Data in Microservices

One of the biggest challenges: each microservice should own its data. No sharing databases!

Database Per Service Pattern

Core Principle

Each microservice has its own database. Other services can't access it directly - they must use the service's API.

Why?

  • Independence: Services can be deployed separately
  • Technology Choice: Use the right database for the job
  • Scalability: Scale databases independently
  • Resilience: One database failure doesn't affect all services
Database Per Service Example
# Order Service - PostgreSQL (Relational)
order_db = PostgreSQL({
    "host": "order-db",
    "database": "orders"
})

# Product Catalog - MongoDB (Document)
catalog_db = MongoDB({
    "host": "catalog-db",
    "database": "products"
})

# Session Store - Redis (Key-Value)
session_db = Redis({
    "host": "session-db"
})

The Challenge: Data Consistency

Problem

Order Service needs customer data, but Customer Service owns it. How do we keep data in sync?

Solutions:

  • API Calls: Query in real-time (simple but slow)
  • Data Replication: Copy data you need (fast but can be stale)
  • Event-Driven: Subscribe to data change events (best balance)

Data Synchronization Patterns

Techniques for maintaining data consistency across services.

Change Data Capture (CDC)

Capture database changes and stream them to other services.

Debezium CDC Configuration
{
  "name": "customer-connector",
  "config": {
    "connector.class": "io.debezium.connector.postgresql.PostgresConnector",
    "database.hostname": "customer-db",
    "database.port": "5432",
    "database.user": "debezium",
    "database.dbname": "customers",
    "table.include.list": "public.customers",
    "topic.prefix": "customer-events"
  }
}

Eventual Consistency

Accept that data won't be immediately consistent across all services - it will become consistent eventually.
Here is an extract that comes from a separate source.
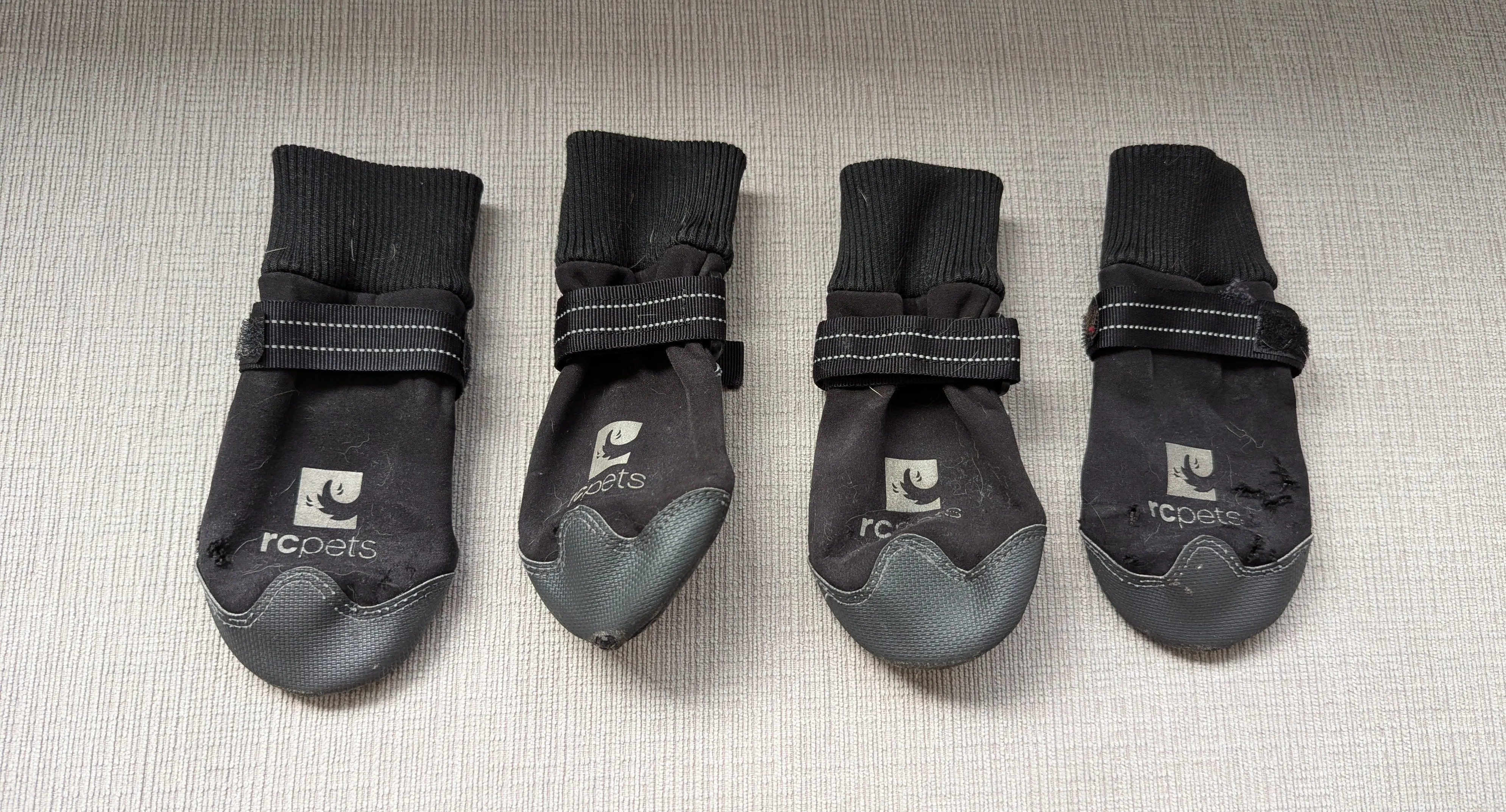 Set of four used dog boots. Black fabric with grey soles. Velcro closures. Show wear and tear.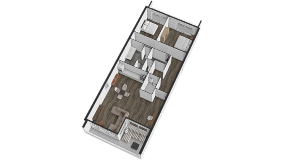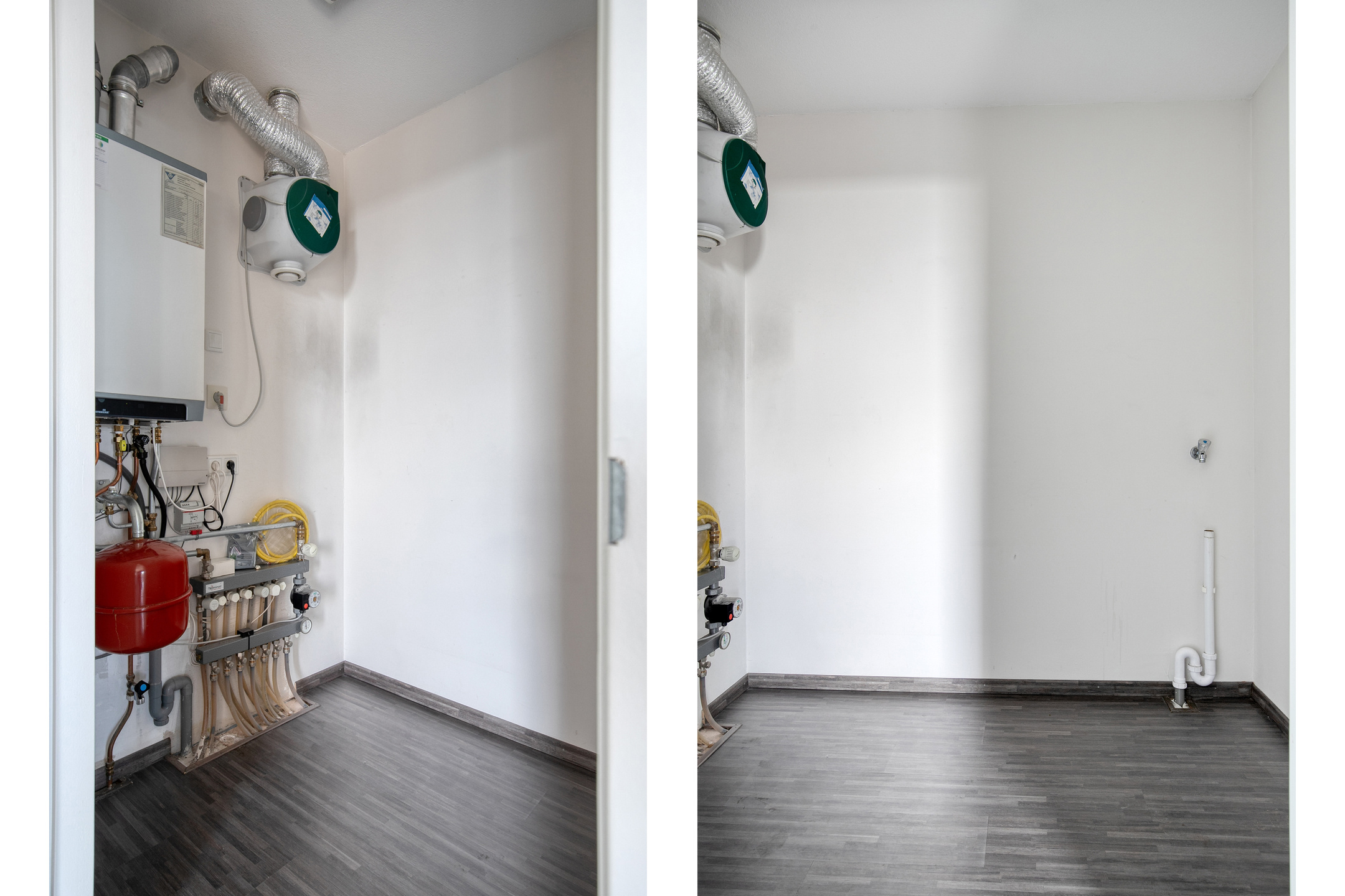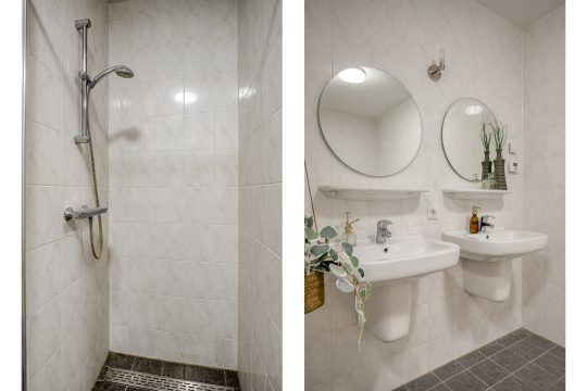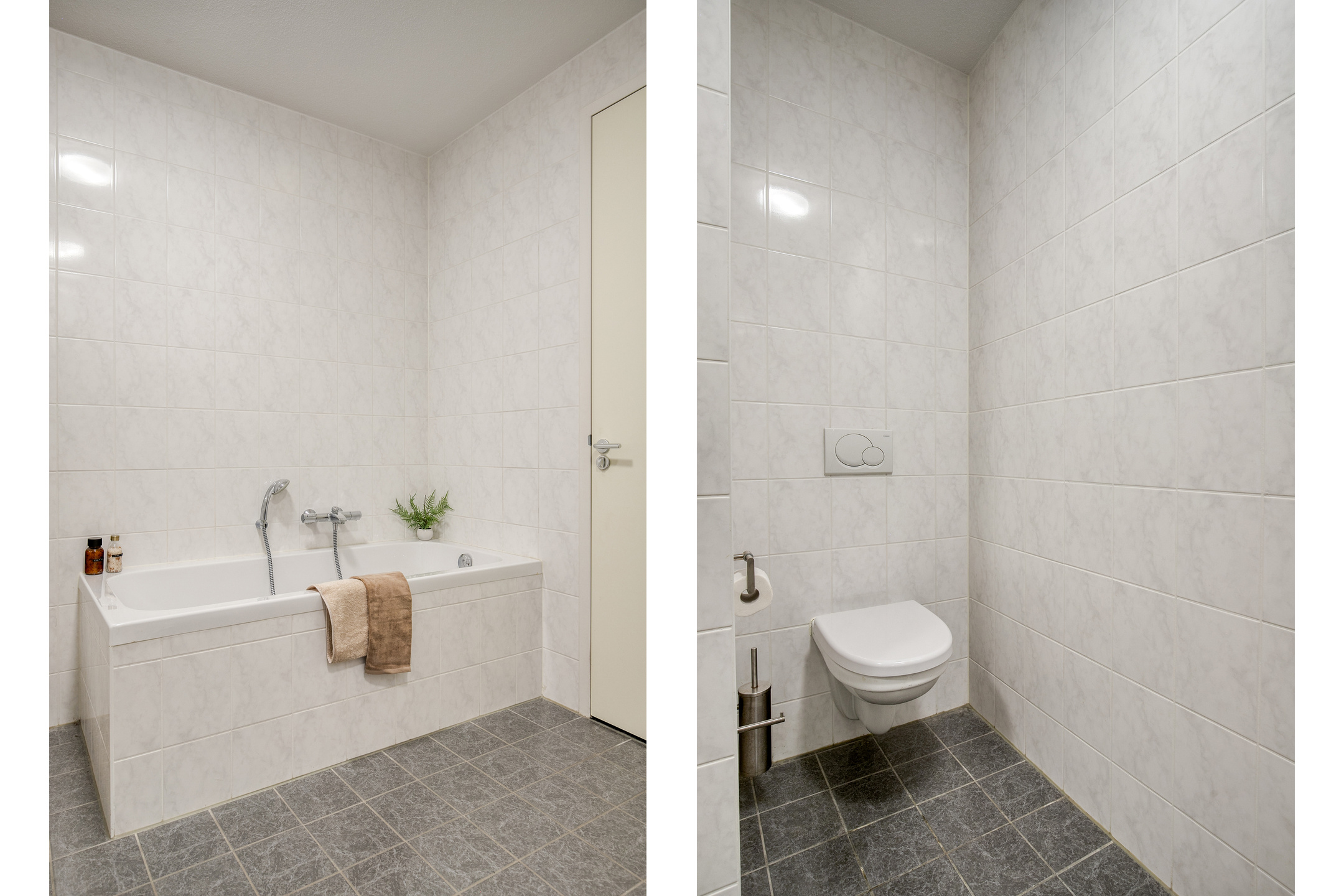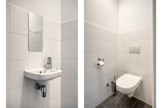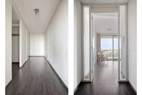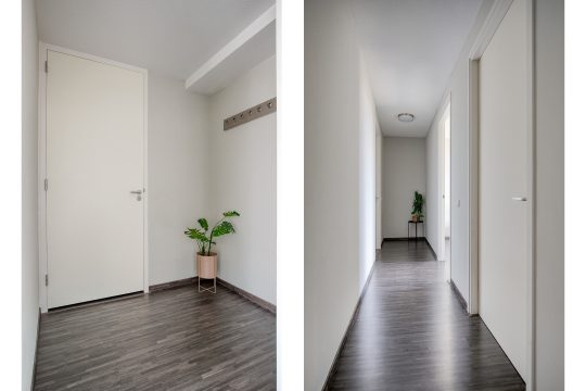 De hal op de verdieping deel je met slechts één appartement en biedt volop lichtinval. De binnenkomst in het appartement is prettig in de hal die de leefruimtes scheidt van de slaapvleugel. De jassen aan de garderobe zijn mooi verscholen achter een muurtje. Hier bevindt zich ook de betegelde toiletruimte met hangcloset en fonteintje. De hal, living en slaapkamers zijn voorzien van een laminaatvloer in warme houttint.

Pattern Consistency Availability Use Case
Strong Consistency Immediate Lower Banking transactions
Eventual Consistency Delayed Higher Social media likes

Facebook's Data Consistency

  • Approach: Eventual consistency for most features
  • Example: Like counts may be slightly off for a few seconds
  • Benefit: Massive scalability (2+ billion users)
  • Trade-off: User experience remains good despite slight delays

Advanced Data Patterns

Sophisticated approaches for data management at scale.

Polyglot Persistence

Use different database technologies for different services based on their needs.

Database Selection Strategy
# User Service: PostgreSQL for relational data
users = PostgreSQL("user-db")

# Product Catalog: Elasticsearch for full-text search
products = Elasticsearch("product-search")

# Shopping Cart: Redis for fast key-value access
cart = Redis("cart-cache")

# Analytics: Cassandra for time-series data
analytics = Cassandra("analytics-db")

# File Storage: S3 for large objects
files = S3("file-bucket")

Data Mesh Architecture

Treat data as a product, with domain teams owning their data end-to-end.

Data Mesh Principles
  • Domain Ownership: Teams own their data pipelines
  • Data as a Product: High-quality, documented, discoverable
  • Self-Serve Platform: Infrastructure for data management
  • Federated Governance: Standards without centralization

Uber's Data Management

  • Scale: 100+ petabytes of data
  • Databases: MySQL, PostgreSQL, Cassandra, Redis, DynamoDB
  • Replication: Kafka for change data capture
  • Key Insight: No one-size-fits-all database solution